DiningPhilosopher comments on On OpenAI’s Model Spec

DiningPhilosopher 26 May 2025 16:24 UTC
1 point
0
Rule: Don’t Provide Information Hazards
I would divide this into two rules. Both seem like good rules, but I would not conflate them. One is much more important to precisely follow than the other, and needs to be far more robust to workarounds.
1. Rule: Do not provide information enabling catastrophic risks or catastrophic harms, including CBRN risks.
2. Rule: Do not provide information enabling or encouraging self-harm.

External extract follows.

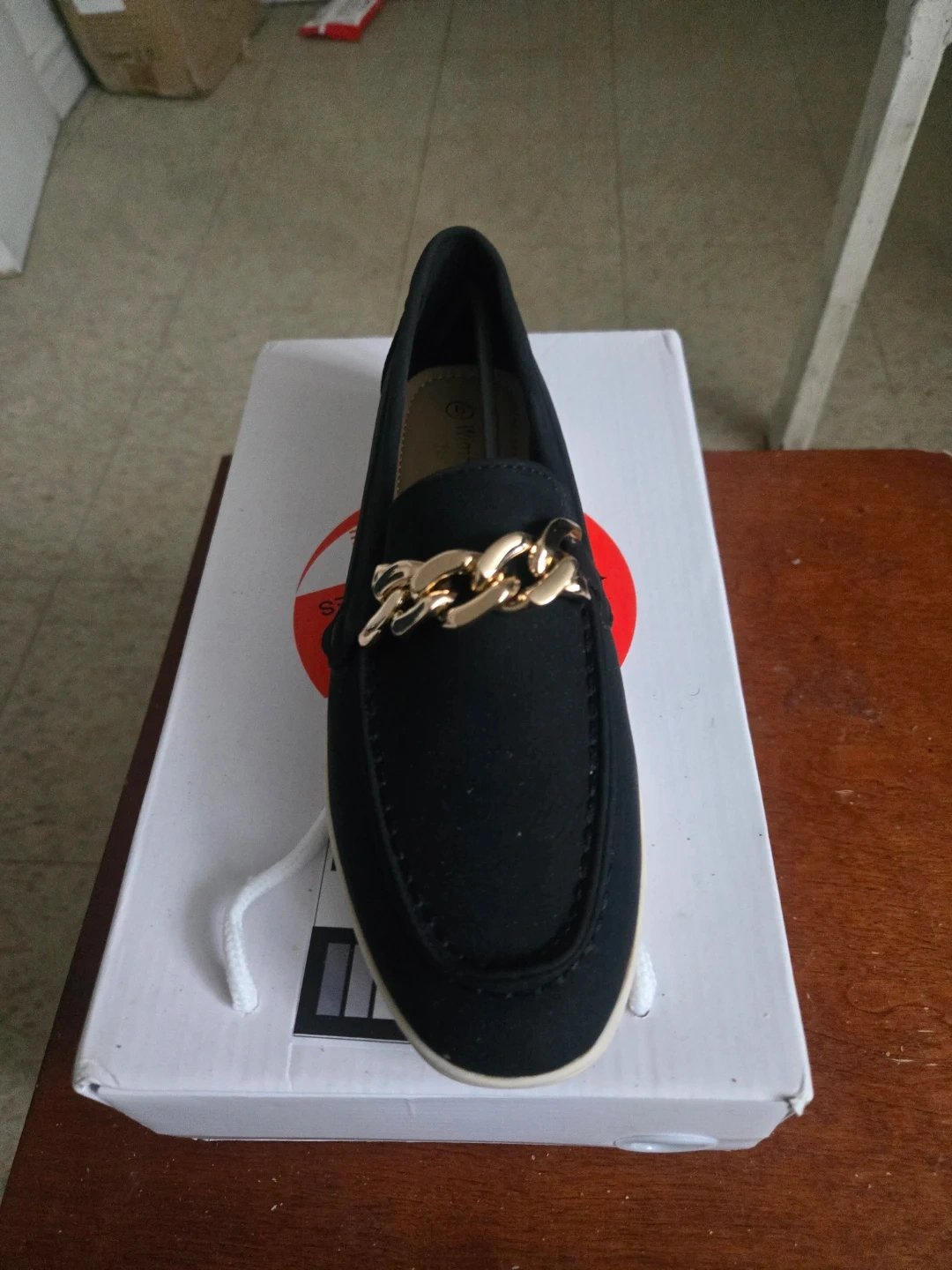 Black Wimbro women's classic moccasin shoes with a gold chain detail. These stylish flats are a size 6. They offer a comfortable and fashionable option for everyday wear.

Which of the two would you consider more important? My naive guess would be that you consider the “catastrophic risk” one more important, in which case I disagree:
1. Enabling catastrophic harms, including CBRN risks: this almost seems like a non-issue to me. Terrorism-type actors (which this rule seems to guard against) would not be impeded by an LLM refusing to tell them how to homebrew explosives or not wanting to brainstorm about how to poison the water supply. Regular search engines and human creativity work just fine for this, the challenge is and will remain much more in organization, logistics, getting people with the right expertise and ideological determination, all while remaining undetected. xkcd538 comes to mind.
2. Enabling or encouraging self-harm: in this case the LLM quickly becomes dangerous all by itself. Many people use LLMs as therapists or “AI companions”, and having LLMs go along with their train of thought in their darkest periods seems like a much more plausible (and large scale) risk. If they ask what they consider their only friend whether a certain method of suicide will be painful, the LLM should not respond with tips about painkillers or alternative methods of killing themselves.